→ Exercise details:
Transcribe the whole listing exactly, but do not carry over its pictures.

→ Provided data:
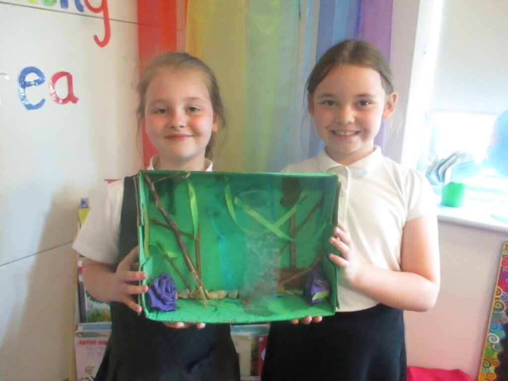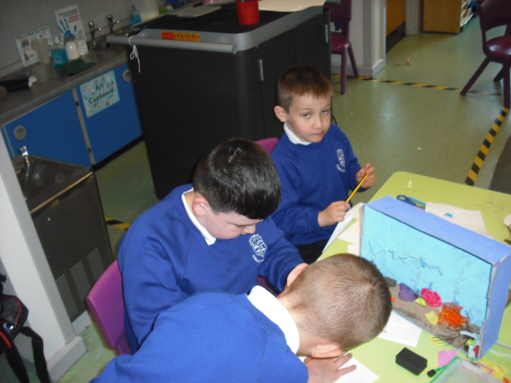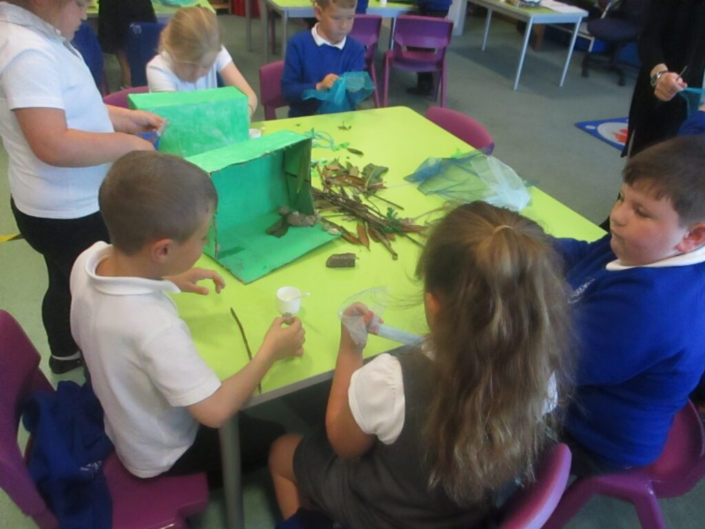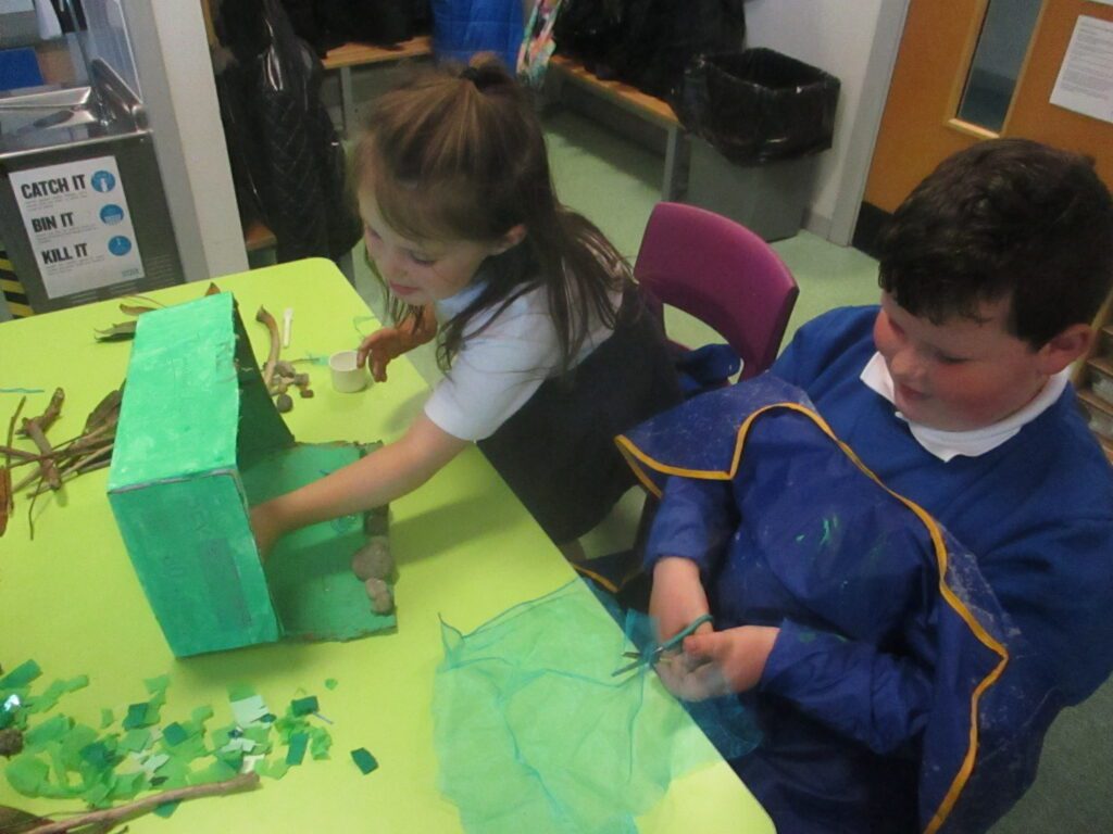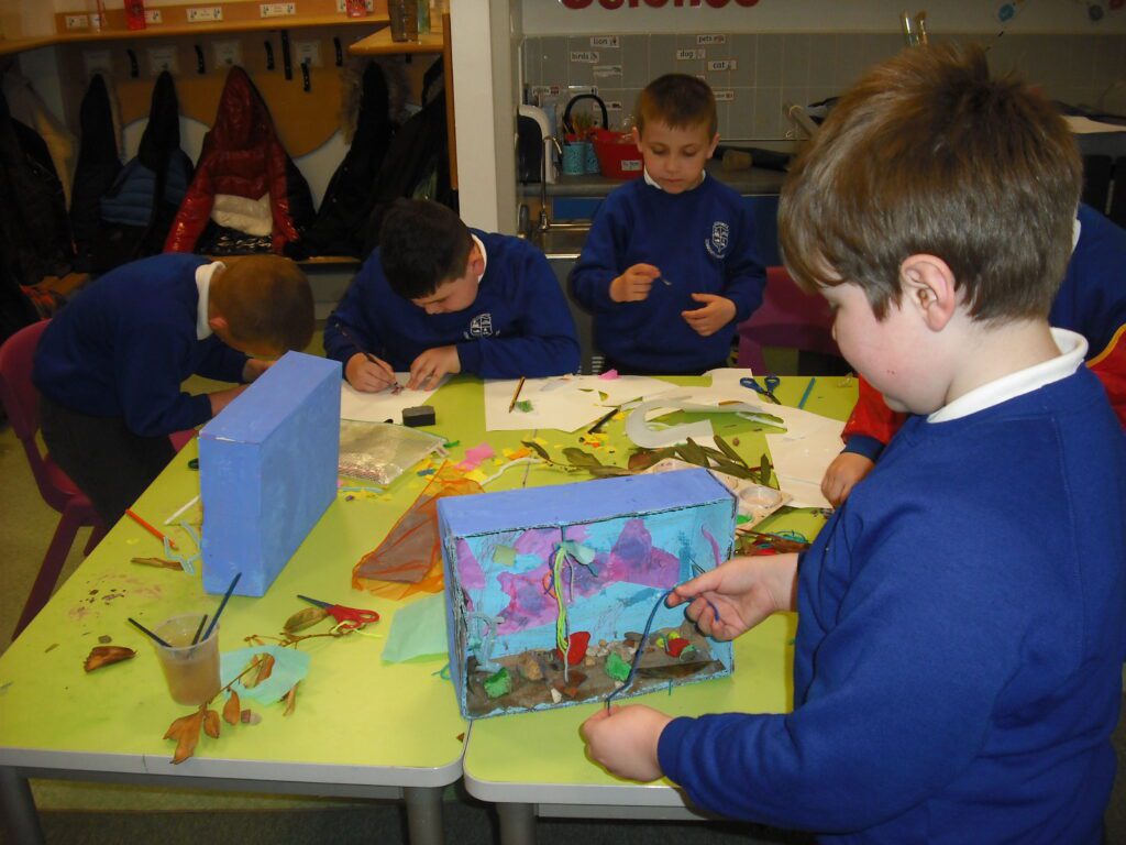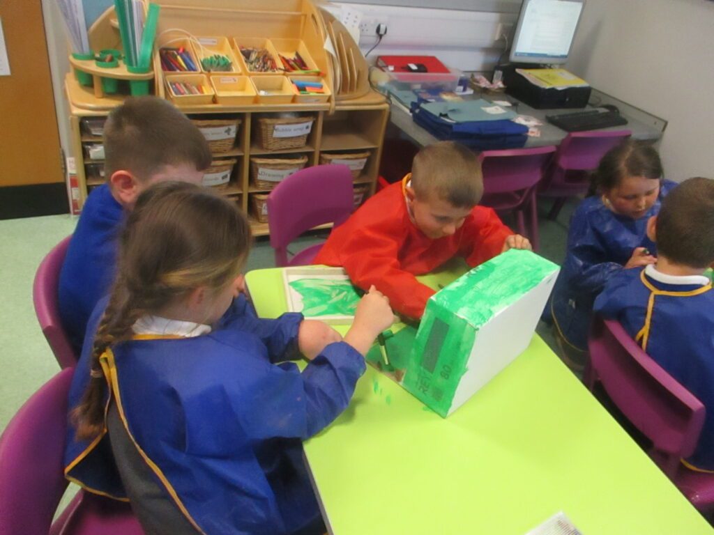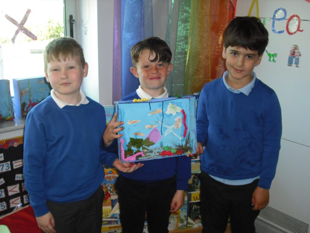 In Year 2 we have made a habitat box for our chosen animal group. In our topic sessions, we researched our habitat and looked closely at pictures to ensure we made detailed accurate representations. We painted our box to create a background colour, then we decorated our boxes to include the key features of the habitat. We used a wide range of resources to create trees, animals, vines, corals, rocks and seaweed. We are very proud of our final boxes and think they would make perfect ocean and rainforest habitats for our animals.
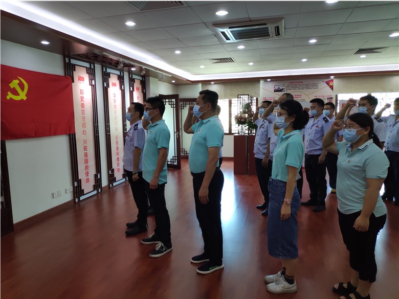 在慶祝中國共產(chǎn)黨成立101周年、喜迎二十大召開之際,7月11日,獅嶺稅務(wù)所黨支部與廣州拜爾冷鏈聚氨酯科技有限公司黨支部聯(lián)合開展“共建聚合力 奮進(jìn)新征程 喜迎二十大”紅聯(lián)共建主題黨日活動(dòng),花都區(qū)稅務(wù)局黨委委員、總會(huì)計(jì)師陳戈云,獅嶺稅務(wù)所黨支部書記、所長巫廣安及黨支部全體黨員,拜爾冷鏈黨支部書記譚漢輝、拜爾冷鏈董事長王宏及黨支部全體黨員共同參加會(huì)議。會(huì)議開始后,首先由花都區(qū)稅務(wù)局黨委委員、總會(huì)計(jì)師陳戈云帶領(lǐng)黨員們?cè)邗r艷的黨旗下重溫入黨誓詞。
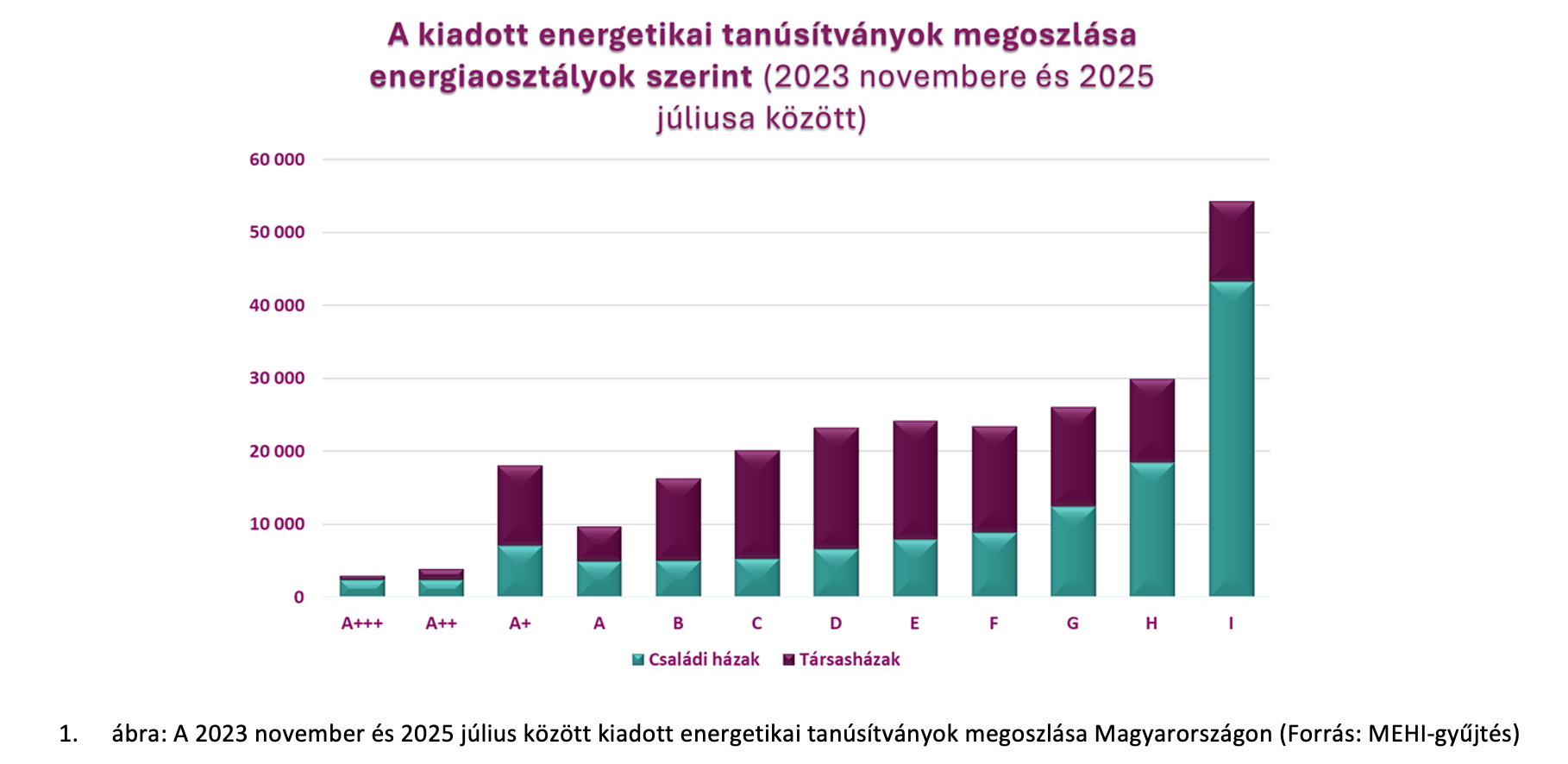 A legújabb energetikai osztályozás szerint, 2023 novembere és 2025 júliusa között kiadott tanúsítványok alapján az értékelt lakások egyharmada a két legrosszabb, H és I kategóriába tartozott, a G–I osztályú (energiapazarló, felújítandó épületszerkezetű) ingatlanok együttes aránya pedig 44 százalék volt.

→ Answer space:
 In Year 2 we have made a habitat box for our chosen animal group. In our topic sessions, we researched our habitat and looked closely at pictures to ensure we made detailed accurate representations. We painted our box to create a background colour, then we decorated our boxes to include the key features of the habitat. We used a wide range of resources to create trees, animals, vines, corals, rocks and seaweed. We are very proud of our final boxes and think they would make perfect ocean and rainforest habitats for our animals.
 在慶祝中國共產(chǎn)黨成立101周年、喜迎二十大召開之際,7月11日,獅嶺稅務(wù)所黨支部與廣州拜爾冷鏈聚氨酯科技有限公司黨支部聯(lián)合開展“共建聚合力 奮進(jìn)新征程 喜迎二十大”紅聯(lián)共建主題黨日活動(dòng),花都區(qū)稅務(wù)局黨委委員、總會(huì)計(jì)師陳戈云,獅嶺稅務(wù)所黨支部書記、所長巫廣安及黨支部全體黨員,拜爾冷鏈黨支部書記譚漢輝、拜爾冷鏈董事長王宏及黨支部全體黨員共同參加會(huì)議。會(huì)議開始后,首先由花都區(qū)稅務(wù)局黨委委員、總會(huì)計(jì)師陳戈云帶領(lǐng)黨員們?cè)邗r艷的黨旗下重溫入黨誓詞。
 A legújabb energetikai osztályozás szerint, 2023 novembere és 2025 júliusa között kiadott tanúsítványok alapján az értékelt lakások egyharmada a két legrosszabb, H és I kategóriába tartozott, a G–I osztályú (energiapazarló, felújítandó épületszerkezetű) ingatlanok együttes aránya pedig 44 százalék volt.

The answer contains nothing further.